Using Wildcard Filtering
Wildcards |
S pecial character used to match parts of a value |
LIKE |
to use wildcards in search clauses, you must use this operator. To use place it after a column refered in a WHERE cluase with a search pattern in front of it. |
Predicate |
expression that evaluates to TRUE, FALSE, or UNKNOWN. Predicates are used in the search condition of WHERE clauses and HAVING clauses, the join conditions of FROM clauses, and other constructs where a Boolean value is required. LIKE is considered a predicate |
% |
match any number of occurrences (including 0)of any character. Basically, it substitutes any type and number of characters. However, it does not match NULL. |
_ |
it matches a single character. It is not supported by DB2. |
[] |
used to specify a set of characters, any of which must match a character in the specified position. Sets are not supportes in MySQL, Oracle, DB2, and SQLite |
^ |
negates the meaning of a wildcard. For example, '[^JM]%'. |
These types of searches may be case sensitive depending on the DBMS.
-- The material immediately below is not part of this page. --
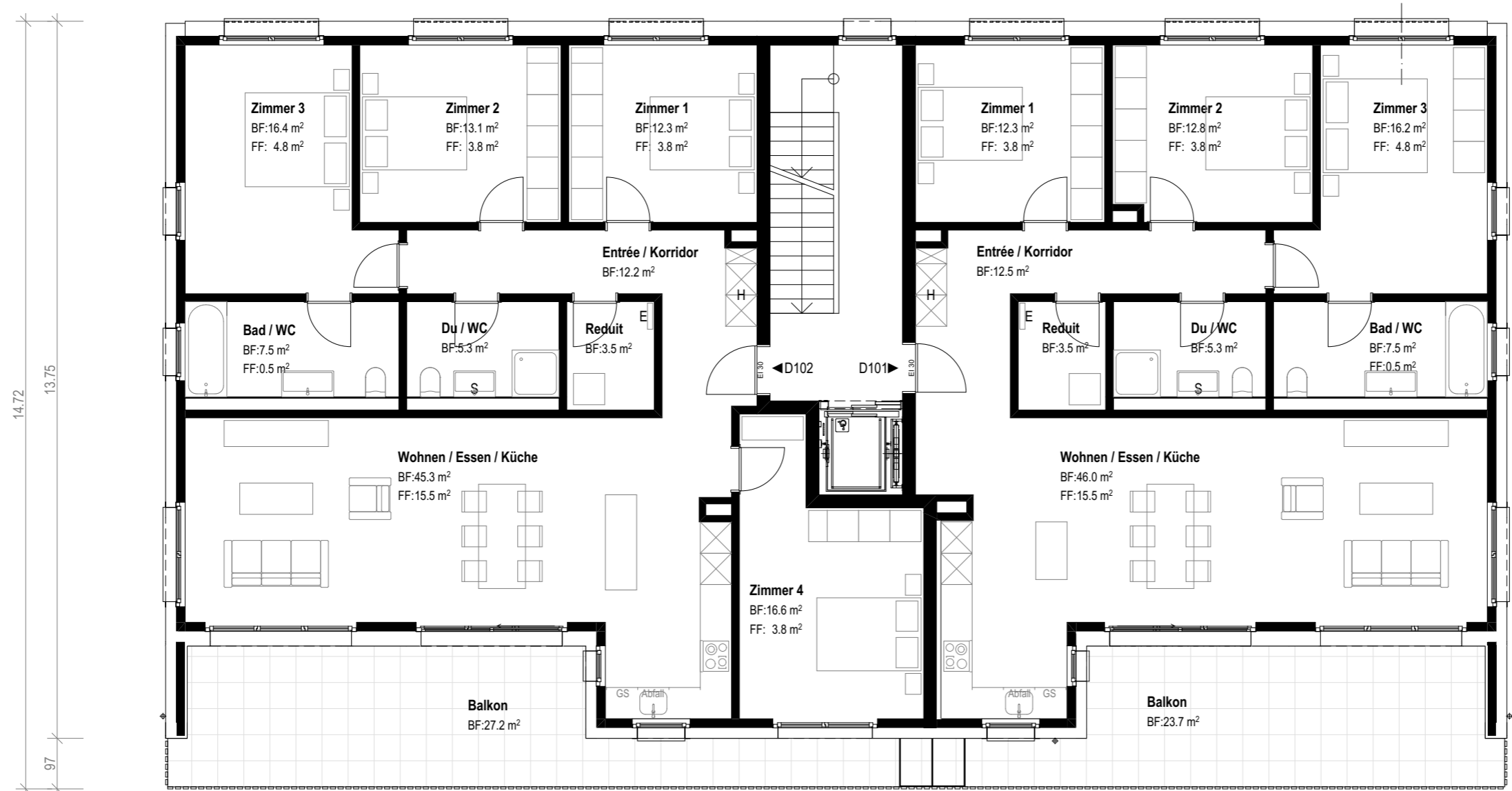
5 1/2 Zi.-Wohnung BWF:137.8 m 2

Wildcards are rarely positioned in the middle of a search pattern, but there is a situation no included in this case which is looking for email addresses
Some DBMS may add blank spaces to the end of each string in a cell, if this is the case in your DBMS, add % at the end of each search pattern.
Tips:
- Don't overuse wildcards
- Try not to use wildcards at the beggining of the search pattern, it turns it very slow
Summarizing Data
Aggregate functions |
functions that operate on a set of rows to calculate and return a single value. |
AVG(column) |
returns a column's average value. NULL values are ignored by this function. |
COUNT(column) |
returns the number of row in a column. COUNT(*) to count the number of rows in a table. COUNT(column) count the number of rows which have a value, thus ignoring NULL values. |
MAX(column) |
returns a comlumn's highest value. It ignores NULL values. |
MIN(column) |
returns the sum if a column's value. It ignores NULL values. |
SUM(column) |
returns the sum of a column's values. It ignores NULL values.. |
TOP (only applies to some DBMSs) |
lets you perform calculations on subsets of query results. |
TOP PERCENT (only applies to some DBMSs) |
lets you perform calculations on subsets of query results. |
To calculate multiple averages, we have to use multiple AVG().
In some DBMSs, MAX()/MIN() can be used with multiple columns, in this case, it will return the highest/lowest value of all columns.
We can pass DISTINCT, in between the paretheses, on these functions so we only apply them to distinct values. The DISTINCT can only be used with _COUNT when a column name is specified.
|